LES DIMANCHES
Véracité d’un « appel » contre puissance du deuil
Synopsis du film
Bilbao. Ainara, 17 ans est récupérée par sa tante Maite à la sortie de l’internat religieux, puis déposée auprès de sa grand mère, qui garde aussi ses deux sœurs. Le lendemain aura lieu la communion de la cadette, mais tout ce que veut obtenir Ainara, c’est la permission de son père Ińaki, de participer à une retraite de deux semaines dans un couvent…

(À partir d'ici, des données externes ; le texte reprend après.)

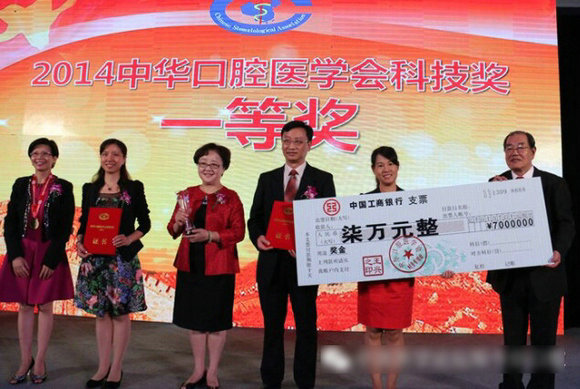 颁奖大会由中华口腔医学会副会长张志愿教授主持。凌均棨、韦曦、林正梅、古丽莎等团队成员上台领奖,中华口腔医学会会长王兴教授致辞并颁奖。附属口腔医院程斌常务副院长出席颁奖大会。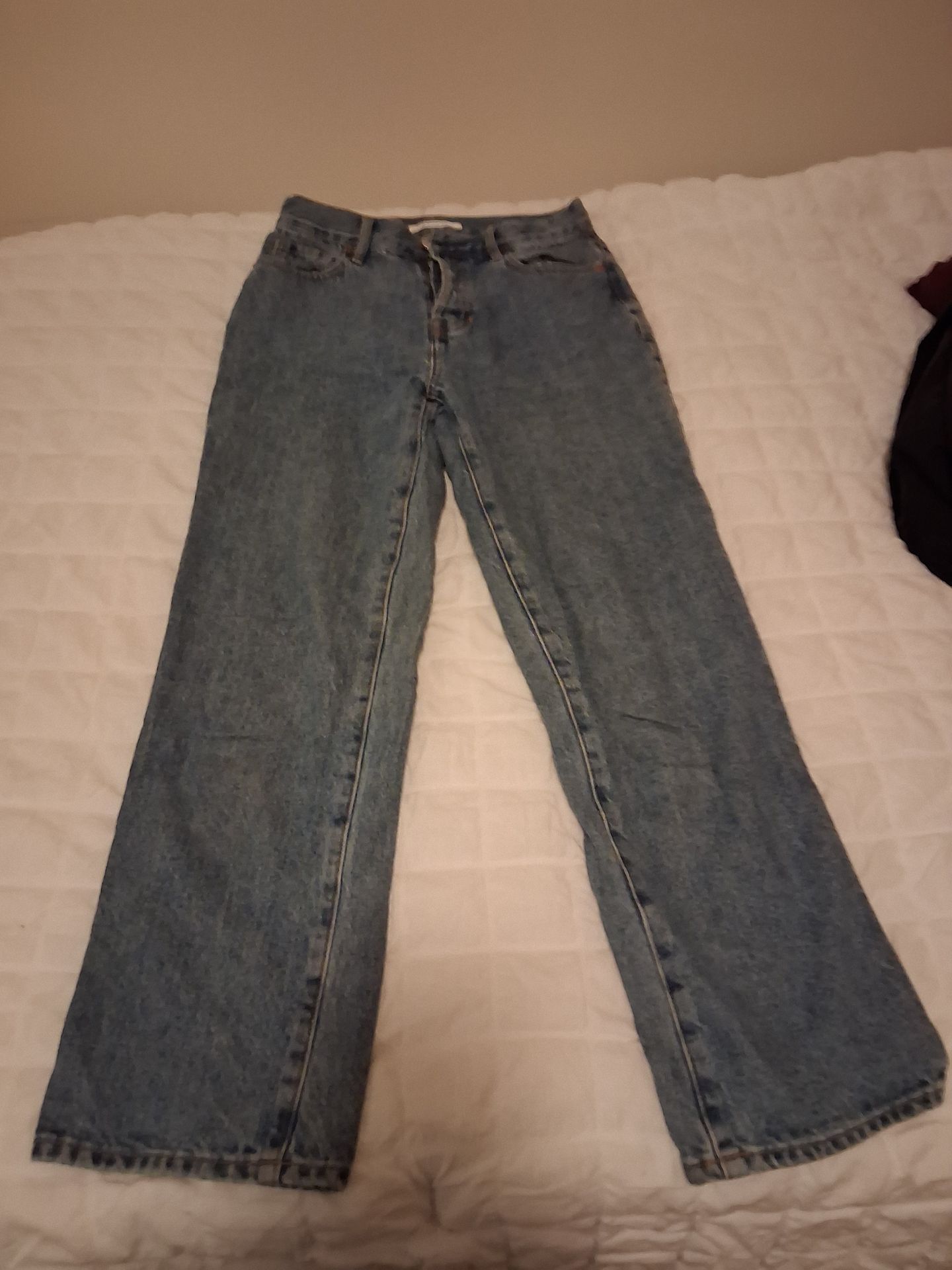 Blue, size 25, High rise straight. Like new. Button fly.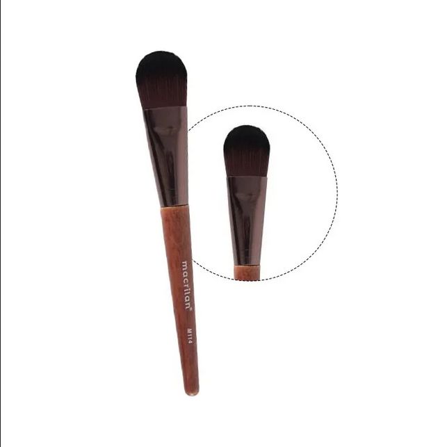 Pincel especial para aplicar base líquida ou cremosa em toda a face, pescoço e colo. Descrição Modelo: cerdas sintéticas Cor: madeira e marrom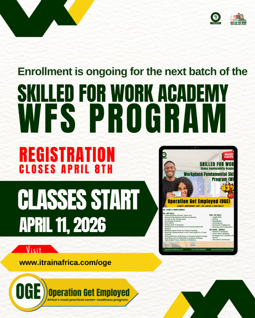 The Workplace Fundamental Skills (WFS) Program (delivered through Operation Get Employed (OGE) campaign to students, NYSC, and Recent Graduate) is a 3-year tested curriculum, built across 9 demographic groups, to fix what the academic system ignores: practical, professional, and digital work-readiness skills.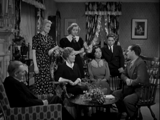 The film was, on the other hand, unambiguously celebratory of the nuclear family. Judge Hardy’s home and his relationships with his wife and children were characterised throughout as a necessary haven from the burdens of professional and public life. At the same time, the film drew strong connections between his qualities as a judge and as a father: patient, moral (but not moralising), and concerned above all with the welfare of those in his charge. As with the law, his approach to childrearing lay in a faith in timeless principles that would win out if given the time to. Yet the film also made it clear that the things Judge Hardy wanted for his children, and that they told him and his wife Emily that they wanted for themselves, were threatened by the same growing social and economic complexity that challenged conservative approaches to law and administration. Joan’s marriage was jeopardised by the ‘fast’ crowd she and Bill had fallen into, exemplified by the roadhouse where he had seen her being kissed by another man, which also stood in more generally for commerce shorn of morals. Meanwhile, as Marion pointedly complained to her father, career opportunities were far less readily available to her generation than his, and hence his blocking of the aqueduct project made it far likelier than Wayne would have to move on in search of work, jeopardising their own engagement. A Family Affair took the laments of the adult Hardy children seriously. However, it resolved them through their father’s successful renomination as district judge, his legal and political victory creating the necessary conditions for their reconciliation with their own romantic partners.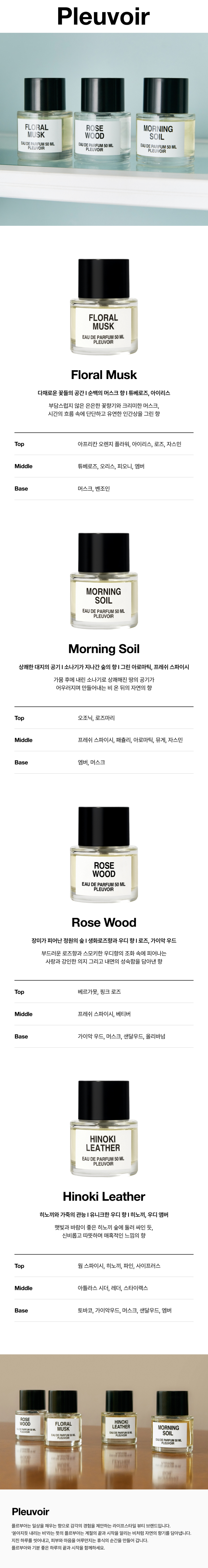 플르부아(PLEUVOIR)는 일상을 채우는 향으로 감각의 경험을 제안하는 라이프 스타일 뷰티 브랜드입니다. ‘쏟아지듯 내리는 비’라는 뜻으로, 자연의 향기를 담아냅니다. 지친 하루를 씻어내고, 피부와 마음을 어루만지는 휴식의 순간을 만들어 갑니다.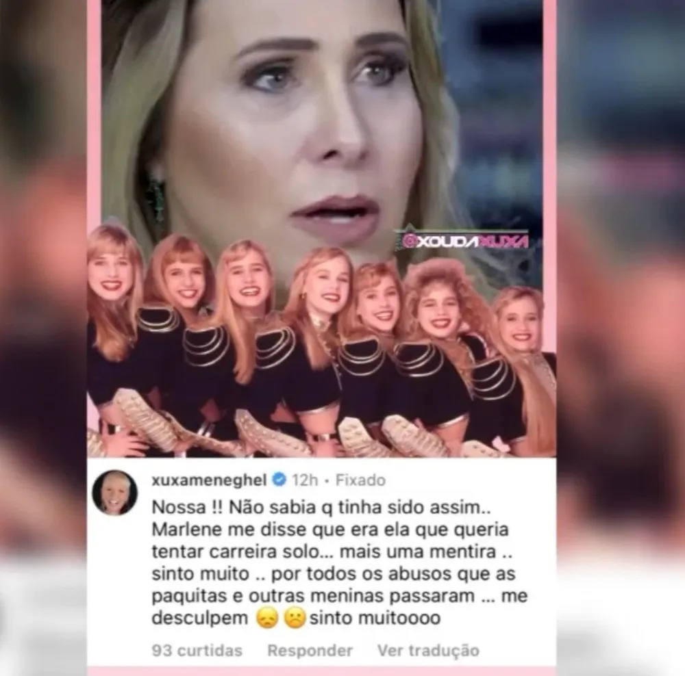 “Não sabia que tinha sido assim. Marlene me disse que era por que [você] queria tentar carreira solo. Mais uma mentira. Sinto muito por todos os absurdos que as paquitas e outras meninas passaram. Me desculpem, sinto muito”, lamentou Xuxa. Será que agora elas fazem as pazes?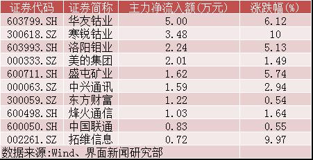 剔除尚未开板的新股,全天沪深两市主力净流入额超过1亿元的个股共计8只。钴概念强势走红,成为今日拉升大盘的一股力量。华友钴业(603799.SH)、寒锐钴业(300618.SZ)、洛阳钼业(603993.SH)等钴概念股获得主力资金抢筹,分别实现净流入5.00亿元、3.48亿元、2.24亿元。5G概念盘中崛起,拓维信息(002261.SZ)封板涨停,净流入0.72亿元。中兴通讯(000063.SZ)、烽火通信(600498.SH)、中国联通(600050.SH)分别净流入1.59亿元、1.03亿元、0.83亿元。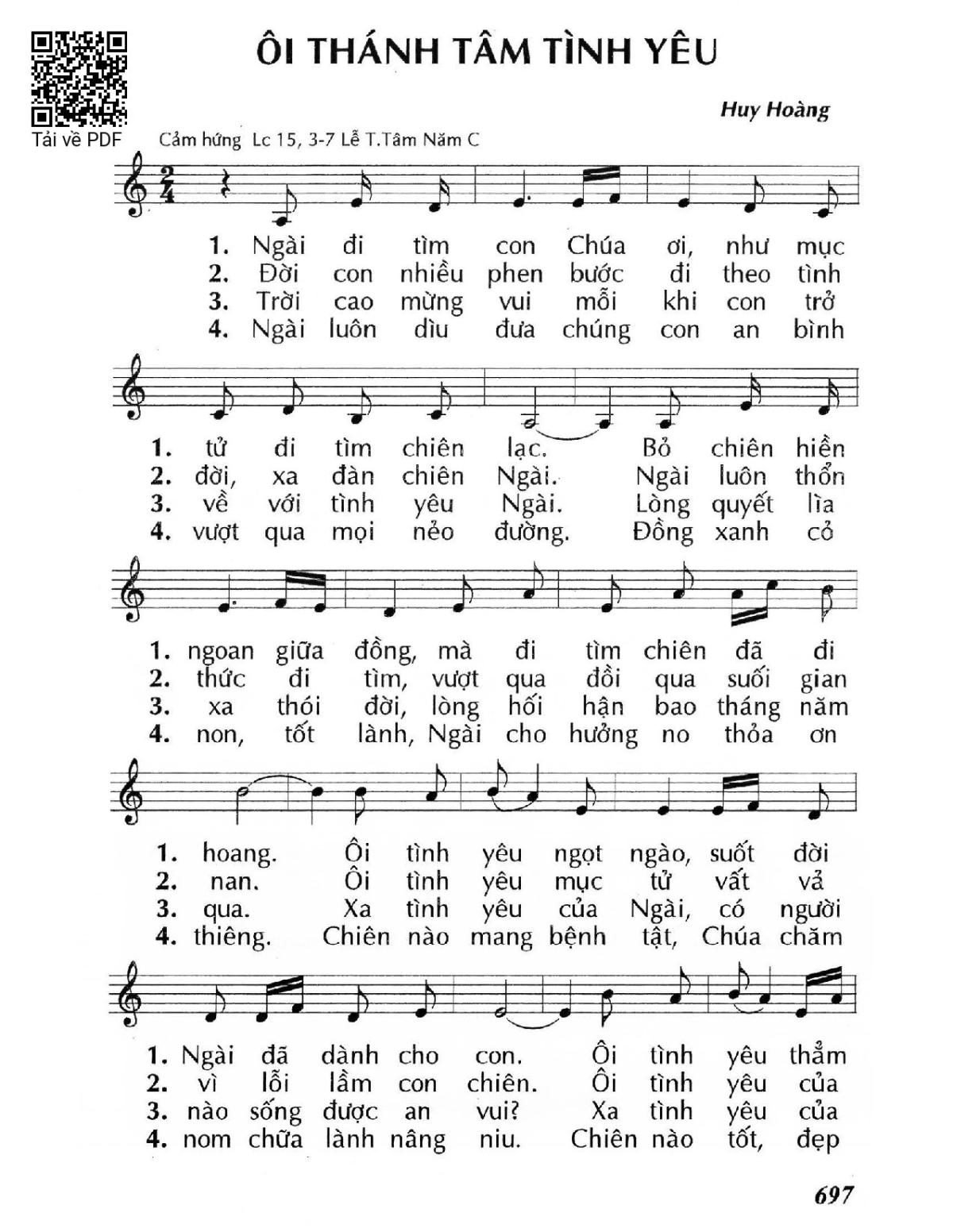Sheet music Ôi Thánh Tâm tình yêu by Huy Hoàng and PDF file was posted here to support you to practice singing perfectly. Sheets with notes and chords are for reference only, for non-commercial purposes only, not involved with earning money by buying and selling. Copyright is belong to song writer/author and copyright owner. Truongca.com do not own any copyrighted content. You can download the high-quality PDF files which contain staffs by PDF link above.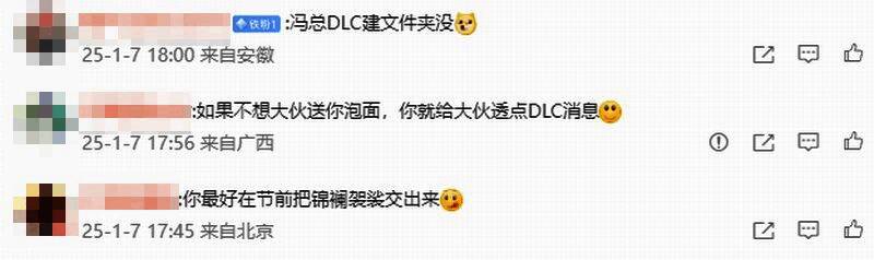 还有玩家期待DLC的公布,“你就给大伙透点DLC消息吧!”“能不能看见DLC或者新作预告,新年有点盼头”“冯总DLC建文件夹没?”“有没有DLC预告?”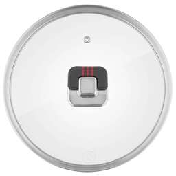 Крышка, Диаметр: 24 см, Форма крышки: круглая, Материал крышки: стекло, Материал ободка крышки: нержавеющая сталь, Материал ручки: бакелит/силикон, Цвет крышки: прозрачный, Цвет ручки: серый, Клапан для выпуска пара, Использование в посудомоечной машине,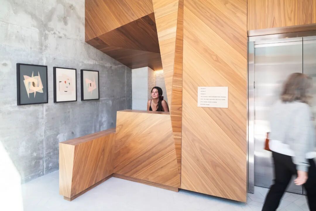 为了方便行人通行,在地面层采用了多种策略将建筑固定在街道上。圣莫尼卡大道上出现了三个低调的楔形体量,而不是一个巨大的、气势恢宏的立面,每个体量都巧妙地与人行道相接。这种提升效果是通过在建筑群的四角设置一系列金字塔形的大型雕刻来实现的,这些雕刻的形状就像倒棱柱。除了为建筑结构下方提供呼吸空间外,这些空隙还将建筑推离了物业线,并拓宽了人行道。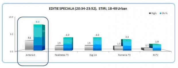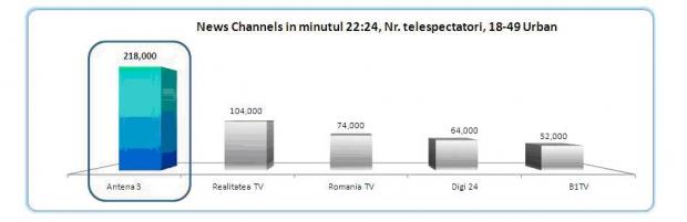 Minutul de aur a fost inregistrat la ora 22:24, cand Antena 3 a atins 4.3% rating, reprezentand 218.000 de telespectatori, și 10.4% market share, fiind market lider pe nisa de stiri, cu cifre duble, si clasandu-se imediat dupa PRO TV in clasamentul general.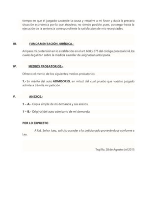 La madre de una menor de 13 años solicita al juez una medida cautelar de asignación anticipada de alimentos de S/ 800 mensuales contra el padre de la menor. Alega que el padre se niega a asumir su responsabilidad de proveer alimentos a pesar de tener los medios para hacerlo como maestro de construcción con ingresos superiores a S/ 3,000 mensuales. Solicita la medida cautelar de manera urgente dado que se encuentra en una precaria situación económica y el proceso principal podría demorar, poni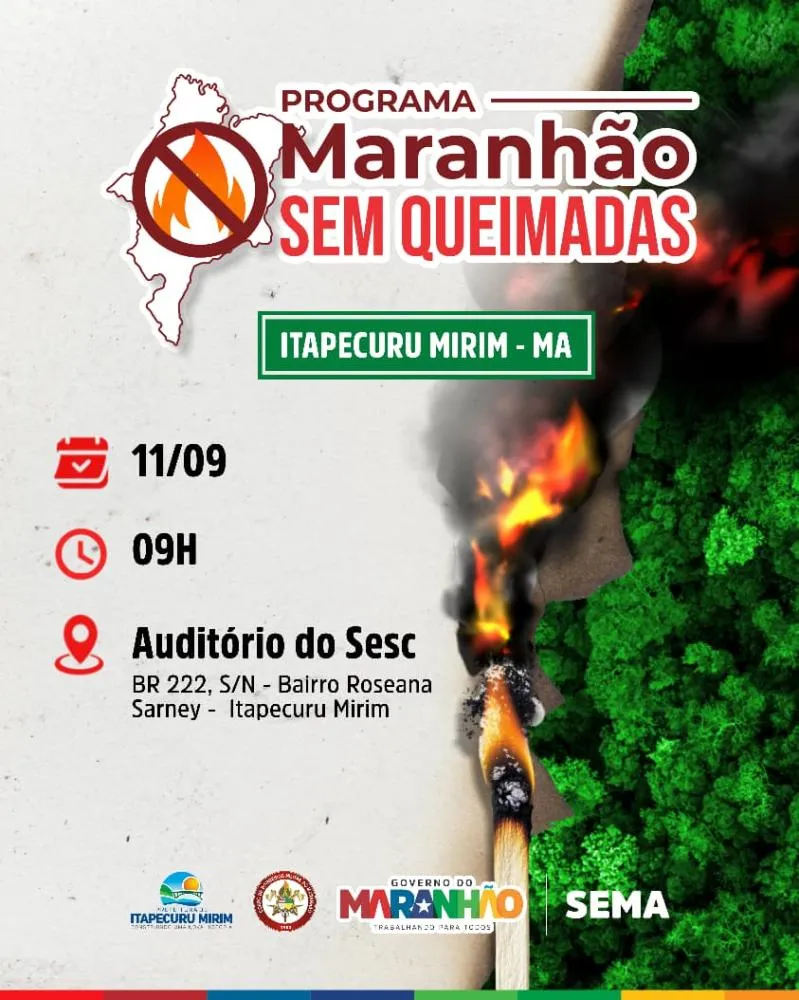O Governo do Estado, através da Secretaria de Estado do Meio Ambiente, realiza na manhã desta quinta-feira (11), em Itapecuru Mirim, o evento Maranhão Sem Queimadas.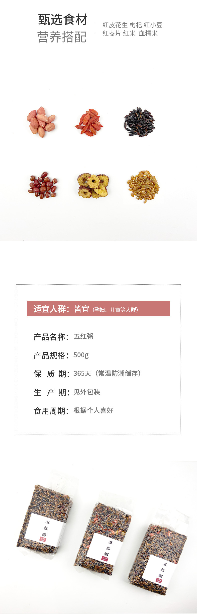 很多时候,我们需要喝一碗五红粥,一般的饭店粥店还没有买,自己去超市买的话,价格还贵,好几种食材买回去,配比不知道怎么搭配,买多了吃不完,买少了不够吃,真是难啊。而我们今天开团的【五红粥】,价格真的是捡到了,39.9元/3包,每包独立包装,1包500g,吃不完常温储存即可.最重要的是,食材配比都已搭配好,开袋直接煮就可以,省时省心更省力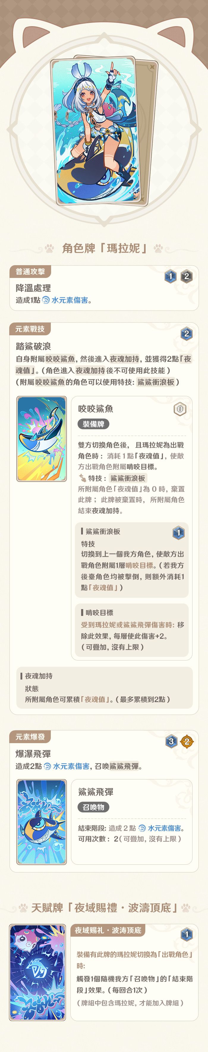 旅行者好呀,5.3版本更新後,「七聖召喚」玩法將新增角色牌「瑪拉妮」、「克洛琳德」和對應天賦牌,以及六張新的行動牌,還有部分卡牌平衡性調整,一起來看看吧~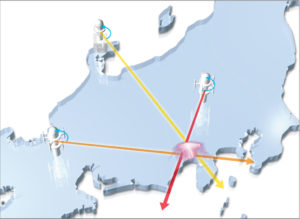 雷が放出した電磁波をセンサーで検出し、その到達方位(MDF:Magnetic Direction Finder/磁界方位検知)と、センサー間の電磁波の到達時間差(TOA:Time Of Arrival/到達時間差)を求めて、落雷位置を算出します。 到達時間差を求める時刻同期源にはGPSを用いて、高精度の位置標定を実現しています。

Critique du film LES DIMANCHES
Coquille d’or du meilleur film au Festival de San Sebastian 2025, "Les Dimanches" est une œuvre feutrée, intimiste, et pourtant d’une violence sous-jacente inouïe. Abordant un sujet plus que délicat, autour du personnage d’une adolescente (Ainara, 17 ans), la foi, le long métrage explore sa possibilité dans le monde d’aujourd’hui, la manière dont elle peut-être perçue de l’extérieur, voire même les intérêts qu’elle peut finalement servir ou contrarier. Car Ainara a perdu sa mère. Et son père, Iñaki, croyant mais surtout pragmatique propriétaire d’un restaurant, a d’autres préoccupations que ses filles. Quant à sa tante, Maite, athée, elle tente surtout de comprendre le mal être de la jeune fille. Basé sur un scénario d’une rare finesse, le film, sans questionner frontalement la véracité de l’ « appel » de Dieu, que cherche à éclaircir Ainara elle-même, va se transformer en véritable bataille d’influences, autour de la possible entrée dans les ordres de celle-ci. Une bataille qui ne laissera personne indemne dans son entourage.
Car chaque personnage, finement développé, a ici un intérêt dans le « choix » fait par Ainara. Le père aurait une préoccupation de moins et une bouche de moins à nourrir, ainsi qu’un motif de respectabilité de plus. La mère supérieure Isabel aurait une ouaille de plus, asseyant un peu plus son pouvoir. La tante, elle, si elle parvient à l’empêcher, aurait sauvé sa nièce de l’emprise néfaste des curés, permettant au passage son émancipation d’un milieu catholique qu'elle juge toxique et hypocrite. Chacun va ainsi jouer ses cartes, alternant négociations pleines de faux semblants et affrontements à peine voilés.
Quant à la mise en scène signée Alauda Ruíz de Azúa (l’encore inédit "Lullaby" et la série "Querer"), elle soufflera en permanence le chaud et le froid, représentant certains agissements comme limite sectaires, faisant douter jusqu’au bout de la nature de ce que cherche Ainara : une communion ou juste un réconfort. Enfonçant le clou par son dénouement et l’attitude finale de chacun des adultes, "Les Dimanches" est en tous cas un brillant plaidoyer sur la nécessité de prêter attention au mal-être des adolescents, porté notamment par la bouleversante Patricia Lopez Arnaiz ("20 000 Espèces d’Abeilles", "Lettre à Franco"). Que l’on soit croyant ou non, on ressort indéniablement de la séance profondément bousculé, le personnage principal semblant au final aussi victime de ses propres souffrances, que des projections de chacun des personnages secondaires sur sa virginité d’adolescente, qu’il s’agisse de la sœur, de ses camarades, et surtout des membres de sa famille.